No, we worked with researchers that developed that kind of system, but didn't broadcast our work b/c the research was too sensitive. Seems the cat is out the bag now though.

I think the combination of AI and font-metrics is going to be wild though. You ought to be able to make a system that can figure out likely words based on the unredacted ones and the redaction's size. I haven't seen any redaction system yet that protects against this.

thangalin 4 hours ago | parent | next [-]

> I haven't seen any redaction system yet that protects against this.

The linked article suggests widening redacted areas more than needed with some randomization applied to the width. Strikes me that that wouldn't do much except add a few more possible solutions.

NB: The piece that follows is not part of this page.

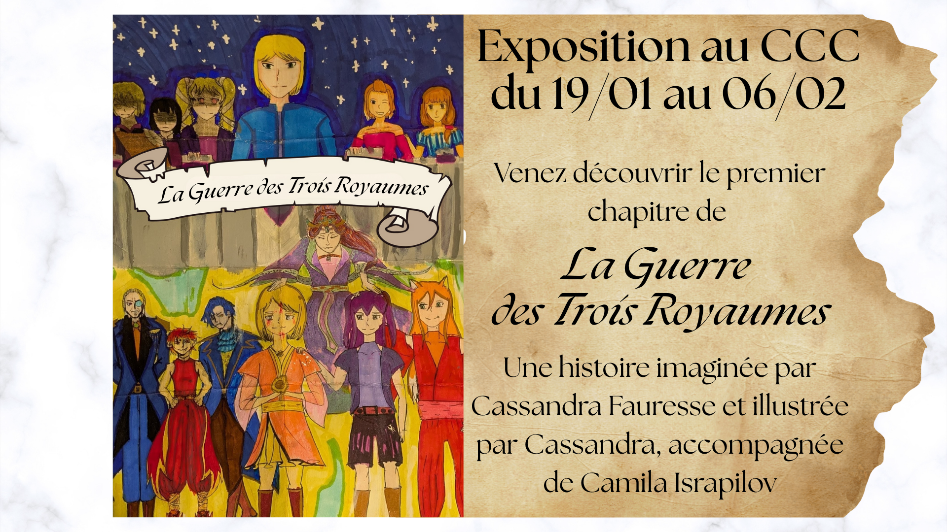 Cassandra Fauresse, élève en 1G02, présente l'univers de son manga, en cours d'écriture. Dans le hall du CCC jusqu’au 06/02.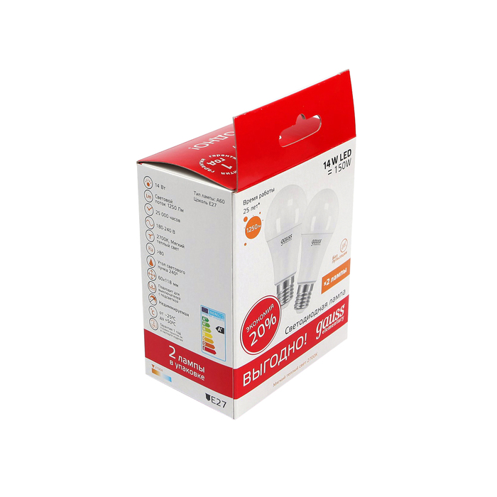 Лампа светодиодная Gauss Elementary A60, 14 Вт, E27, 2700 K, (2 лампы в упаковке)

vlovich123 4 hours ago | parent [-]

Yeah, the more robust protection is to widen to a constant. But in the general case that could require reflowing the pdf. But honestly single word redactions are really probably useless with cheap AI that can highly accurately fill in the gaps

rgmerk 4 hours ago | parent [-]

Depends what you're trying to hide.

If the redaction is a person's name, and there's nothing else to give the person's identity away, single word redaction probably works reasonably well, AI or no AI.

godelski 2 hours ago | parent [-]

  > If the redaction is a person's name
I'm not sure if you're aware, but peoples names are variable in length. We are talking about a system that can identify single character differences. So that does reduce the search space, especially since names are not all possible letter permutations. Combine that with the fact that it isn't uncommon to see partial first letters show up. You can even see some instances in the Epstein files.

Of course, you can also take this further. Even if you can't recover names you can get meta information about how many parties are involved by recognizing different length redactions correspond to different entities. While same length redaction doesn't guarantee same entity it is a hint.

mycall an hour ago | parent [-]

It is also common for authors to misspell names (proper nouns) in an attempt to determine who leaks docs (and to force non-matches for FOIA requests).

vlovich123 4 hours ago | parent | prev [-]

I thought glyph spacing attacks are an old idea; like I recall reading about such ideas 10-20 years ago unless I’m misremembering. Can you clarify why it was considered “too sensitive” if the whole point of this effort is to showcase these attacks?